Cytotoxicity Assay (Resazurin Assay)

Cytotoxicity to HEK293 and HepG2 cells was determined using the resazurin assay.[67,68] In brief, HEK293 and HepG2 cells were seeded at 4000 cells/well in black-wall, clear-bottom 384-well plates (Corning, Australia) and incubated for 24 h at 37 °C, 5% CO2. Compounds were then added into each well. After 24 h incubation, 5 μM resazurin was added per well and incubated at 37 °C for 2 h. Fluorescence intensity was then read using a Polarstar Omega with excitation/emission 560/590. The data were then analyzed using GraphPad Prism 6 software. CC50 values were determined using GraphPad Prism 6 software (Inc. La Jolla, CA).

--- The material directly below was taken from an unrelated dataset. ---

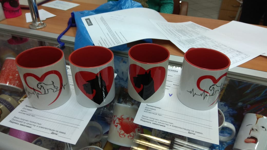 Продажная цена кружек шнауцер с сердцем - 450р, шнауцер с экг - 350р

Nephrotoxicity Assay (Lactate Dehydrogenase (LDH) and Gamma Glutamyl Transferase (GGT) Release in Primary Cells Freshly Isolated from Human Kidneys)

Primary human renal proximal tubule epithelial (hPT) cells were isolated and used for in vitro prediction of drug-induced nephrotoxicity[63,64,69] by measuring the release of metabolism enzymes, LDH and GGT, as previously described.[70]